Ces quatre séquences entrent donc en écho les unes avec les autres.

1 – Le regard de l’autre qui m’objective, selon Sartre

Partons du fondement de tout le système philosophique de Sartre, qui est la liberté. Dans sa logique, le regard de l’autre est doublement une menace qui pèse sur moi et sur ma liberté.

1°- Je me vis comme centre du monde que je perçois. Les choses qui m’entourent, c’est moi qui les vois et elles deviennent « mon » monde. Lorsque je prends conscience du fait que l’autre perçoit le monde tout comme moi-même je le perçois, j’éprouve alors le sentiment d’être volé par lui. « Mon » monde devient aussi « son » monde.

2°- Lorsque le regard de l’autre repose sur moi, il me fige comme si j’étais un objet. Je me sens vulnérable sous le regard d’autrui, hostile, par essence. Le regard de l’autre me fait tomber dans le monde des choses et j’éprouve alors le sentiment désagréable de ne pas être ce que je croyais être. Je me vois comme l’autre me voit. L’autre porte donc atteinte à ma liberté par le regard objectivant qu’il porte sur moi. On est dans un cercle vicieux. Sartre écrit : « Autrui que j’ai transformé par mon propre regard en objet, ne peut que me transformer à son tour en objet. » ( L’Être et le Néant )
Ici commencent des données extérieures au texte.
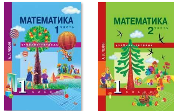
Учебник в двух частях
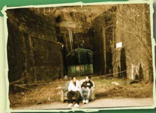
Her kunne veggene blitt malt og det kunne blitt ryddet.

“Når jeg går til skolen ser jeg masse søppel og sånt. Jeg syntes ikke det er noe hyggelig å gå til skolen. Derfor mener jeg at det skulle vært noen folk som kunne plukket opp søppel eller kommunen burde sitte opp flere søppelpanner. På vei til skolen går jeg forbi bare tre søppelpanner. De tilhører blokkene som er der. Det er heller ikke særlig mange blomster og sånt, det er veldig grått og ekkelt. Det er også steder som trengs å males.”
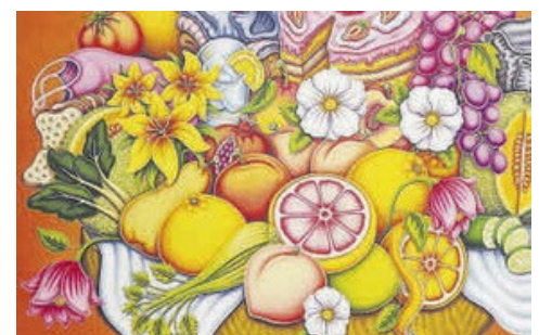
La muestra 'Picnic' presenta 17 obras de gran formato.
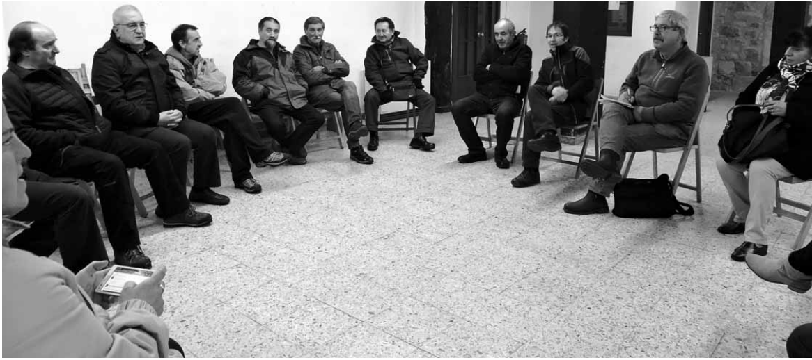
Duela bi asteko bileran 20 bat sakandar elkartu ziren.
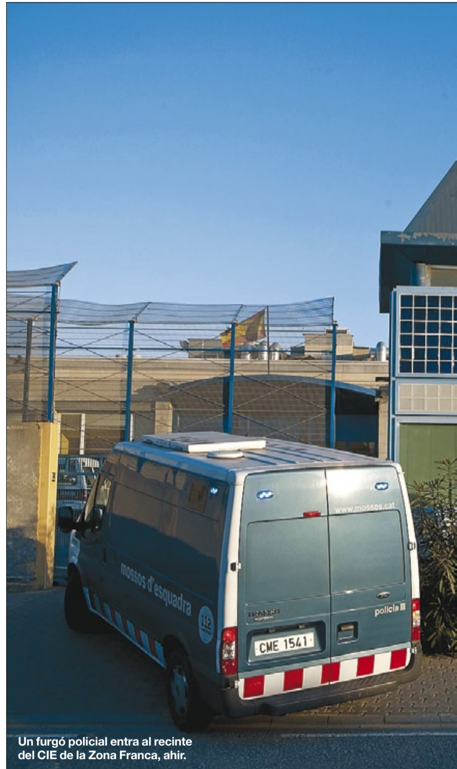
Un furgó policial entra al recinte del CIE de la Zona Franca, ahir.

Videocomentari de Toni Sust a http://www.e-periodico.cat
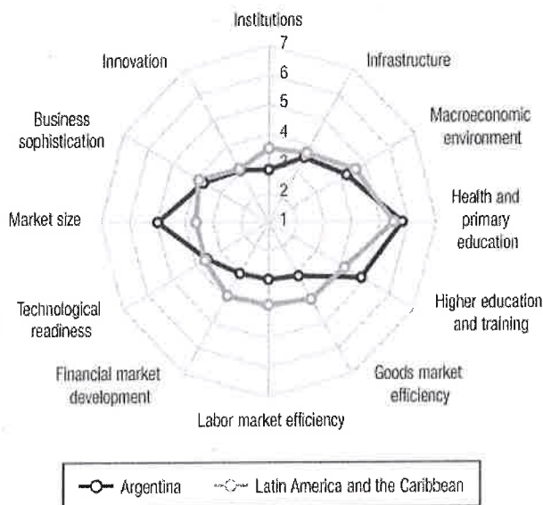
Figura 1. Índice de Competitividad Global 2014-2015: Puntaje obtenido por Argentina y Latinoamérica y el Caribe. Fuente: SCHWAB (2014).
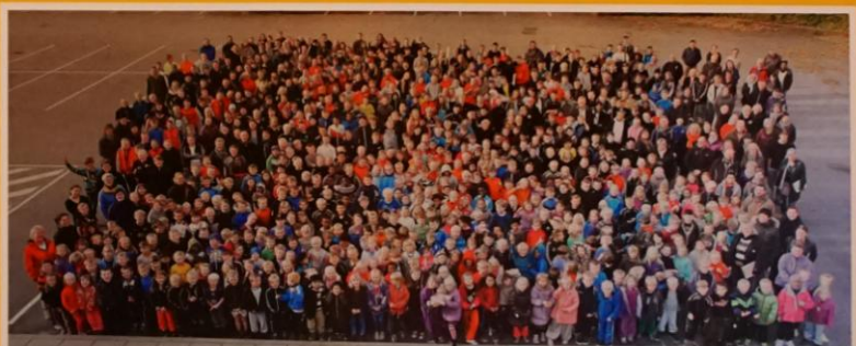
800 glade elever med deres 54 lærere, 3 børnehaveklasseledere og 30 skolepædagoger i efteråret 2012
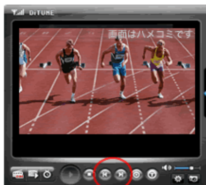
チャンネルダウン・チャンネルアップボタン

お好みのチャンネル名をダブルクリックする他、コントロールボタンの「チャンネルダウン」「チャンネルアップ」でもチャンネルを切り替えられます。
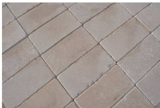
Esempio pavimento realizzato con 20x40 burattato (unico senso).

On comprend donc bien que Sartre pense négativement le rapport à autrui. A la base de la relation, il pose une lutte. Le conflit des consciences est, pour lui, le propre de la relation à autrui.
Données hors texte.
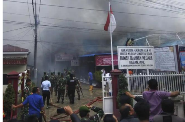
▲ Riots have broken out in overcrowded jailed as prisoners demand release.
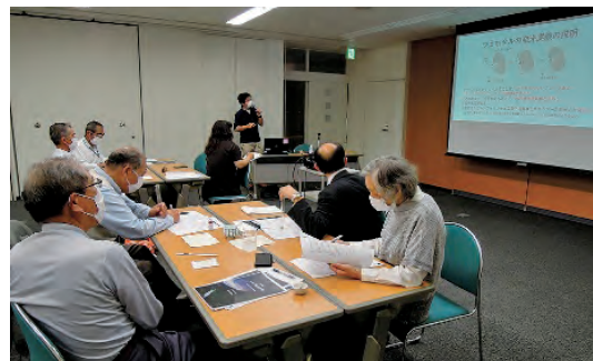
「ほくぼうホタル学」の講座風景
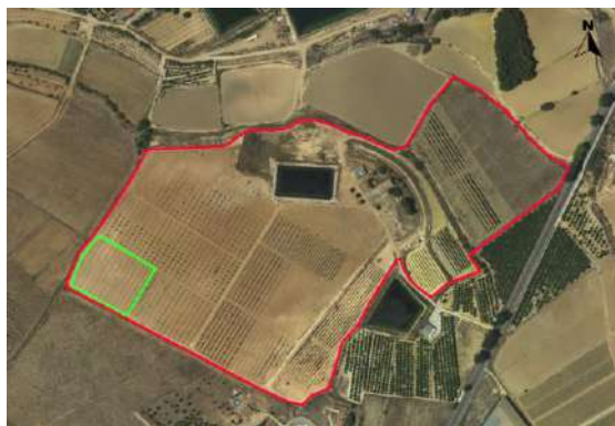
Croquis de Ubicación de la parcela de quercus y trufa en el CDA Las Nogueras.

El proyecto se desarrolla en la Finca Experimental de “las Nogueras”, en el término municipal de Caravaca de la Cruz, catastralmente en parte de la parcela 385 del polígono 129. La parcela se encuentra en el extremo sur-oeste de la finca con coordenadas UTM-Huso 30 (ETRS-89); 595584 /4210772. Está situado entre las parcelas experimentales de pistacho y almendro de floración tardía.
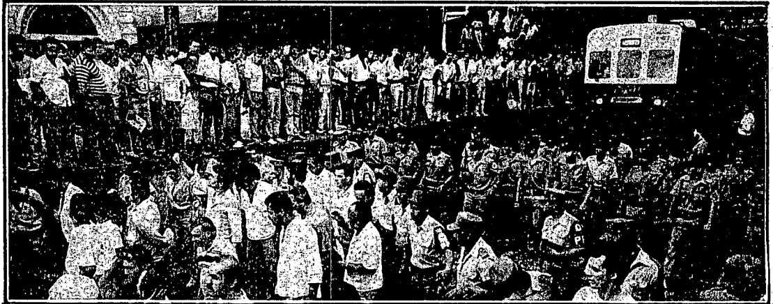
Ferrovários de São Paulo são retirados dos trilhos por policiais na Estação da Luz, quando tentavam parar os trens

2 – Les conséquences de ce mode de pensée

Sartre présente la particularité d’être d’abord un philosophe, qui a aussi transmis sa pensée dans des œuvres littéraires : romans ou théâtre. La pièce qui reprend ces idées est Huis-Clos, représentée pour la première fois en 1944. Elle met en scène trois personnages, Garcin, Inès et Estelle, qui ne se connaissent pas et qui se retrouvent enfermés dans un même lieu, après leur mort, d’où le titre. Le spectateur a l’impression d’assister à un procès, où chacun juge l’autre et est jugé par lui, sur la base des actes de son existence, qu’il raconte. Sartre décrit un enfer sans rapport avec la religion. C’est dans cette oeuvre-là que l’on entend cette petite phrase devenue fameuse : « L’enfer c’est les autres. »

Sur la base du présupposé sartrien d’une conflictualité des consciences, la vie avec les autres ne peut effectivement devenir qu’un enfer.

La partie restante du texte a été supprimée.